Tadej Pogacar se ha consolidado como uno de los mejores corredores de todos los tiempos, ejerciendo un dominio aplastante sobre la bicicleta que contrasta profundamente con su personalidad tranquila, alegre y generosa. El ciclista esloveno, quien ya ha logrado cinco victorias en el Tour de Francia, mantiene rituales personales antes de cada etapa; uno de ellos consiste en pegar una pegatina de Hulk, el gigante verde, en el manillar de su bicicleta. Tras intercambiar algunas bromas, Pogacar sale a la carretera para destrozar a la competencia.
Esta dualidad lo define: es un hombre corriente en su día a día, pero se transforma en un competidor desatado una vez que se convierte en ciclista, situándose así en el círculo de los mejores deportistas de su siglo. Su manager en el UAE, Mauro Gianetti, llega a compararlo con Michael Jordan, mientras que otros lo asocian con Usain Bolt. Por su parte, el propio Pogacar ha manifestado que se inspira en el tenista Novak Djokovic.
Dentro del mundo del ciclismo, el esloveno es colocado en el mismo peldaño que Eddy Merckx, una figura considerada durante mucho tiempo como inaccesible. Algunos analistas incluso lo sitúan por encima del belga, argumentando que, a sus 27 años, Pogacar aventaja en varios de los parciales al "Caníbal", quien tenía dos años más cuando alcanzó su quinto y último Tour. Esta percepción es compartida por sus rivales; el flamenco Remco Evenepoel afirmó que es "el mejor de todos los tiempos", aunque rectificó mencionando también a Merckx para evitar tensiones con la prensa belga. Por otro lado, el francés Warren Barguil ha sido tajante al calificarlo como "Dios sobre una bicicleta", destacando su talento excepcional.
El palmarés de Pogacar es tan extenso que ya no cabe en una sola página: cuenta con cinco Tours de Francia, 26 victorias de etapa, dos títulos de campeón del mundo, trece Monumentos, un Giro de Italia y un total de 127 victorias.
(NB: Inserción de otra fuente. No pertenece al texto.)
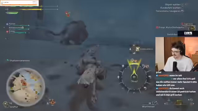 02:52:00Nach dem Kampf wechselt der Streamer erneut die Waffe, dieses Mal zur Insektenklee. Er hat Schwierigkeiten, die Kombos auszuführen, da die Monster zu mobil sind. Es wird das System der körperlichen Zones bei Monstern erklärt, die man abschlagen kann, um sie nochmal zu verletzen. Der Streamer ist frustriert über den geringen Schaden, den er mit der Waffe macht.

Sin embargo, este dominio absoluto ha generado incomodidad en algunos sectores, despertando las inevitables sospechas de dopaje, una sombra que ha perseguido al ciclismo durante décadas. Durante el Tour de Francia, Pogacar, al igual que su rival Jonas Vingegaard, fue despertado en plena noche para someterse a un control nocturno, un procedimiento excepcional basado en "sospechas graves y específicas". Ante esto, el esloveno ha declarado que se somete de buen grado a estas pruebas si ello permite demostrar que están limpios.
A pesar de las críticas, en el pelotón es ampliamente apreciado por ser un campeón travieso y accesible. Michael Matthews, veterano australiano que reside con él en Mónaco, destaca que se ve reflejado en el lado lúdico, la energía positiva y la pasión por el deporte de Tadej. Aunque en ocasiones recibe silbidos del público, también suele ser el más aplaudido en las presentaciones de los equipos. Stephen Roche, ganador del Tour en 1987, subraya que Pogacar inspira a miles de niños y beneficia enormemente al ciclismo.
Matxín Fernández, su director deportivo en el UAE, donde el corredor percibe un salario estimado en ocho millones de euros anuales (aproximadamente 9 millones de dólares), asegura que no solo es el mejor del mundo sobre la bicicleta, sino también el mejor con los aficionados y los periodistas, siempre disponible para fotos y autógrafos. Fernández, con treinta años de experiencia en el medio, afirma que es el más grande que ha visto, y por mucho.
El camino de Pogacar no siempre fue dominante. Luc Wirtgen, corredor luxemburgués, recuerda que cuando tenían 12 o 13 años, Tadej era "el más pequeño de los pequeños" y que incluso podía ganarlo. No fue hasta los 18 años que comenzó a lograr resultados importantes, impulsado por un desarrollo físico que su primer entrenador en Liubliana, Miha Koncilja, describe como la razón de su arranque tardío. Actualmente, posee un físico de 1,76 metros y 66 kilogramos.
En el plano personal, sus padres, Marjeta y Mirko, lo describen como alguien muy dulce. Su madre, antigua profesora de francés, reveló que de niño le gustaba hacer el payaso y actuar como mediador para apaciguar las tensiones familiares, buscando siempre ambientes relajados y sonrientes. Esta actitud se traslada a su equipo, donde es venerado por sus compañeros y no duda en ayudar a otros, como hizo con Isaac del Toro. Pavel Sivakov, compañero de equipo, lo define como un líder increíble y un "extraterrestre" que, mientras se divierte sobre la bici, es capaz de gestionar toda la presión para seguir escribiendo la historia del deporte.